For comparison, when the heat stabilizer was not added (Comparative Example 1), 1 wt% of bisphenol type epoxy [trade name: Epicoat 828, manufactured by Shell Chemical Co., Ltd.] was used as the heat stabilizer. Case (Comparative Example 2) and 1% by weight
Table 1 also shows the results (Comparative Example 3) using the epoxidized soybean oil [trade name: ESBO, manufactured by Daicel Chemical Industries, Ltd.].

As is clear from the results shown in Table 1, the use of the heat stabilizer of the present invention can significantly reduce the amount of free hydrogen chloride.

<< Examples 5 and 6, Comparative Examples 4 and 5 >>
Polyvinyl chloride having the composition shown in Table 2 [trade name: G
The electrical characteristics (volume specific resistance) of the electric wire coating composition of Eon 103EP, manufactured by Nippon Zeon Co., Ltd.] were measured. The results are shown in Table 2. The epoxidized soybean oil and the epoxy-modified block copolymers A and E in Table 2 are the same as those used in Comparative Example 3, Example 4 and Example 7, respectively. As is clear from Table 2, the use of the heat stabilizer of the present invention improves the electrical properties of the polymer.

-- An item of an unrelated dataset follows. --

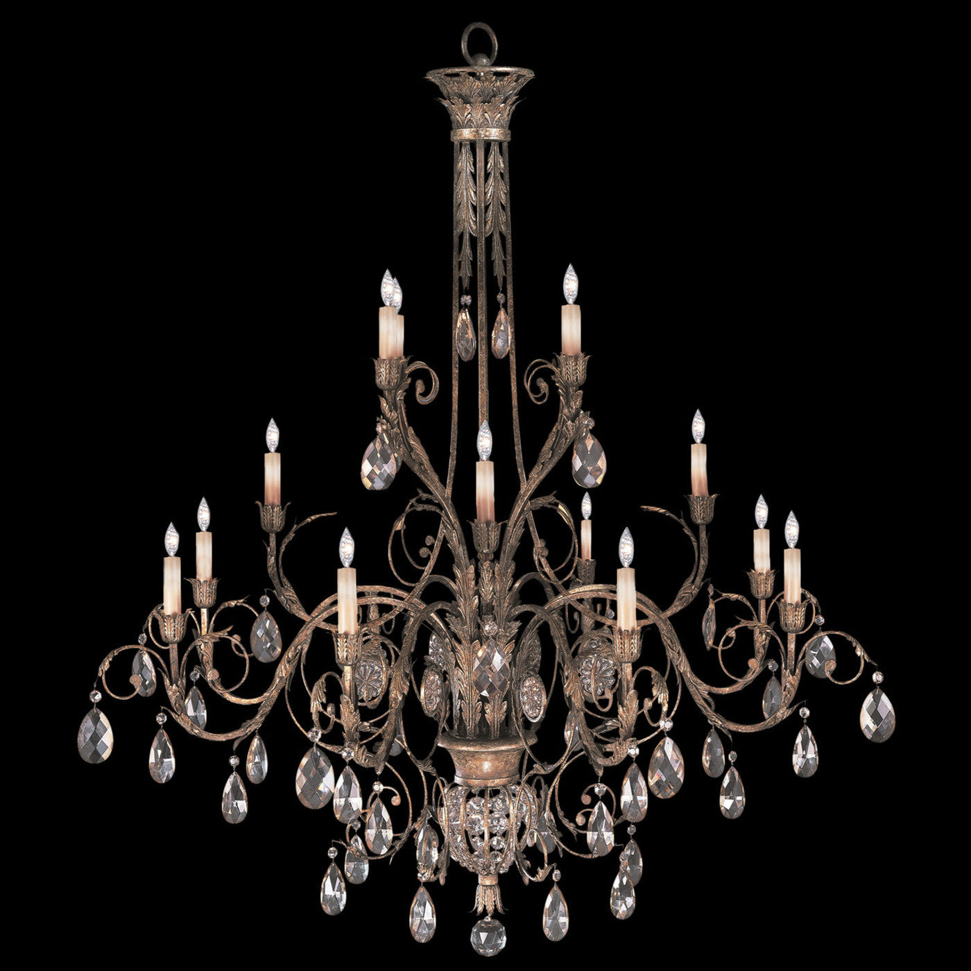Three-tier chandelier in cool moonlit patina with moon dusted crystals.

Table 1 Heat Stabilizer Amount of Free Hydrogen Chloride (wt%) Example 1 Epoxy Modified Block Copolymer A 0.018 2 〃 B 0.020 3 〃 C 0.017 4 〃 D 0.016 Comparative Example 1 None 0.3 2 Bisphenol Epoxy 0.085 3 Epoxidized soybean oil 0.070 Table 2 Comparative example 4 Comparative example 5 Example 5 Example 6 Polyvinyl chloride 100 100 100 100 Dioctyl phthalate 50 40 40 40 Epoxidized soybean oil-10--Modified block copolymer A-- 10 -〃 E---10 Calcium stearate 2.0 2.0 2.0 2.0 Zinc stearate 0.5 0.5 0.5 0.5 Stabilizing aid 0.5 0.5 0.5 0.5 Volume resistivity 1.2 × 10 ¹² 6.6 × 10 ¹¹ 4.5 × 10 ¹⁵ 6.0 × 10 ¹⁵ (Ω・ Cm) (Margins below)

Claims (1)

[Claims] 1. A conjugated diene compound of a block copolymer comprising a polymer block (A) mainly composed of a vinyl aromatic compound and a polymer block (B) mainly composed of a conjugated diene compound in the same molecule. A heat stabilizer for a halogen-containing polymer, which comprises an epoxy-modified block copolymer in which a double bond of an unsaturated carbon is epoxidized.